Dans Mes lectures indispensables, je classe « Journal d’un corps » de Daniel Pennac, paru en 2012 chez Gallimard, en excellente position. Je connaissais cet auteur par ouï dire, mais je n’avais jamais rien lu provenant de sa plume. Comme souvent, on connaît cet écrivain parce qu’on en a entendu parler, parce qu’il a remporté un prix littéraire prestigieux. En l’occurrence, le prix Renaudot, en 2007, pour son roman autobiographique « Chagrin d’école ».
J’ai eu la chance de découvrir « Journal d’un corps » à une période de ma vie où tout allait pour le mieux : j’étais amoureux – et c’était réciproque… c’est mieux, hein ? –, je gagnais bien ma vie et je faisais un boulot qui me passionnait. Autant vous dire que ce livre a été, pour moi, d’une lecture jubilatoire comme rarement ce fut le cas avec d’autres romans ! Pensez donc : le narrateur a tenu un journal intime, de 13 à 87 ans, sur son corps et ses transformations successives tout au long des aléas d’une existence bien remplie !

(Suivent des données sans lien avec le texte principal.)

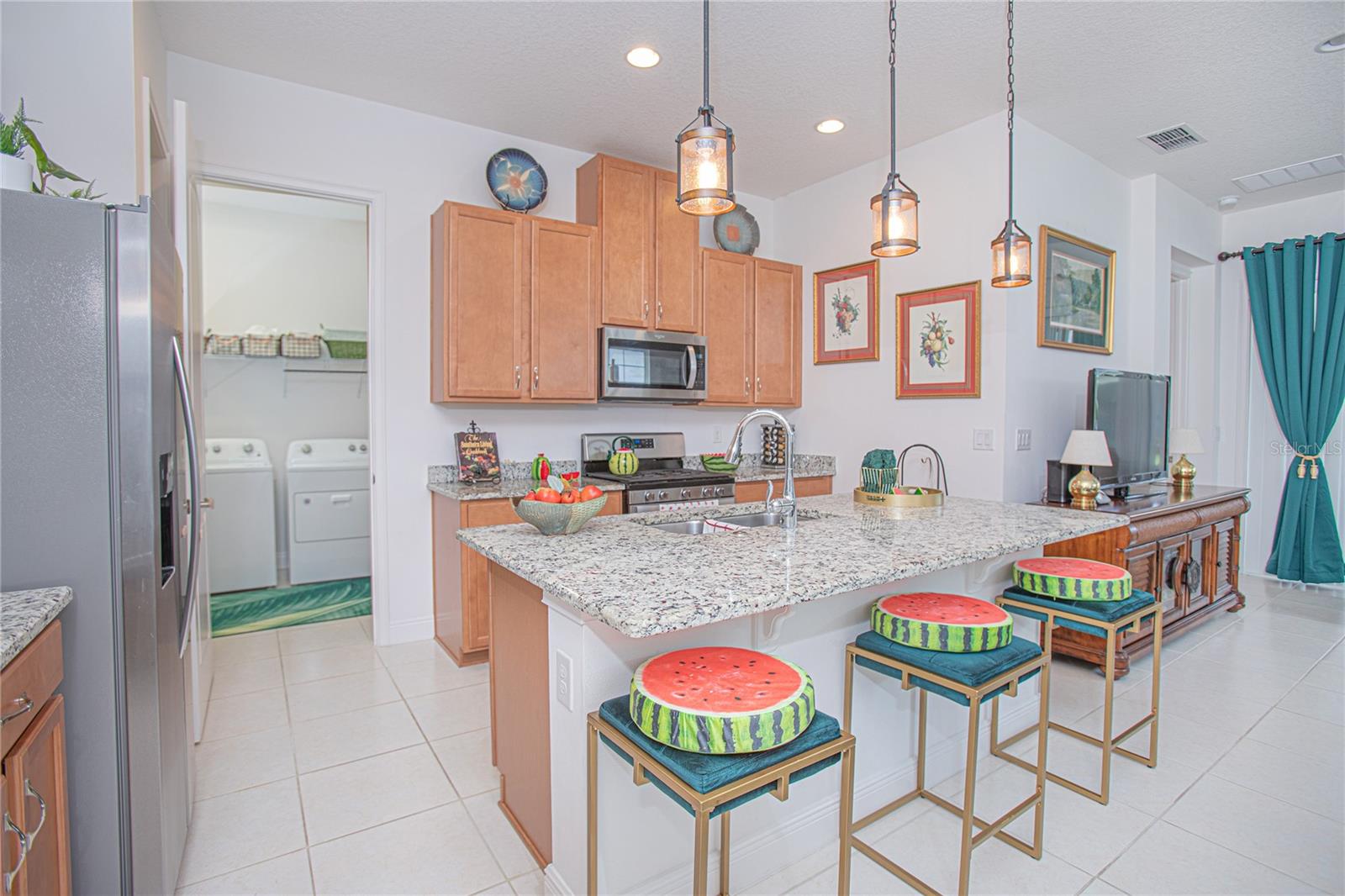 Welcome home to Twin Lakes, the premier 55+ gated community for active adults. This beautifully appointed 2 bedroom, 2 bath villa offers a combination of charm and luxury with no exterior worries. The Amelia floor plan features a brick driveway, a warm, cheerful exterior, and a brick-paved covered lanai that enhances the open floor plan including a great room with kitchen, dining, and living areas. The kitchen boasts a large island with seating, sink, and pendant lighting, granite countertops, 42” cabinets, and stainless steel appliances. Enjoy a spacious master suite with a decorative tray ceiling, oversized walk-in shower with seating, dual sinks with stone countertop, and a large walk-in closet. The living area extends to a fully screened back porch, perfect for entertaining, and the home includes a 1.5 car garage with additional golf cart parking. The community offers extensive amenities such as two resort-style pools, a lap pool, a fitness center with sauna, game room, tennis and pickleball courts, putting green, and a 20,000 sq ft lakefront clubhouse with a community pavilion, outdoor kitchen, and boating access including kayaks. HOA takes care of exterior maintenance including roof and painting, along with lawn maintenance, allowing you more time to enjoy the planned activities and nearby attractions such as Lake Nona Medical City, Orlando International Airport, theme parks, local restaurants, and shopping. Security is ensured with a night patrol, making this an ideal setting for a relaxed and active lifestyle in Florida.

Le point de vue, pardon, le point d’écriture que Daniel Pennac adopte pour raconter le temps qui passe est d’une profondeur infinie. Avec le corps – le sien, le vôtre, le mien – comme sujet central, simple et complexe à la fois !
Pour moi qui ai passé la cinquantaine et qui, lors de sa première lecture, n’en étais pas encore là, je me suis retrouvé à maintes reprises dans les mots de l’auteur. C’est bien là où se trouve la force de « Journal d’un corps » : donner à penser à chaque lecteur que c’est aussi un peu son propre journal intime.
En outre, comme tout journal intime – en vrai, si je puis m’exprimer ainsi –, le récit est découpé en paragraphes plus ou moins courts, qui eux-mêmes font partie intégrante de chapitres assimilés à des périodes précises de la vie : « 12-14 ans », « 15-19 ans », « 21-36 ans », etc., jusqu’aux 87 ans et 19 jours du narrateur, c’est-à-dire jusqu’à sa mort. Durant ma lecture, et notamment lors de la période « 15-19 ans », j’ai vraiment cru que Daniel Pennac parlait de véritables faits, tant ceux-là étaient empreints d’une clairvoyance, d’une sagacité dans leur évocation plus que troublantes ! Il est incontestable que, en tant que garçon, j’ai moi aussi rencontré les mêmes questionnements sur le corps de la femme. Franchement, le passage, quand le narrateur est âgé de 16 ans, 6 mois, 15 jours, le jeudi 25 avril 1940, est un pur délice… que je vous laisse découvrir si ce n’est déjà fait !
Selon moi, « Journal d’un corps » est un livre important, troublant, et que je relirai sans doute encore, et encore, et encore… En outre, paraît-il qu’il a été réédité, en 2013, dans une version illustrée. Il a été mis en dessin par Manu Larcenet, et cette bande dessinée, me chuchote-t-on dans mon oreillette, est toujours disponible à la vente. Aujourd’hui. En juin 2020.
« Journal d’un corps » de Daniel Pennac, aux Éditions Gallimard.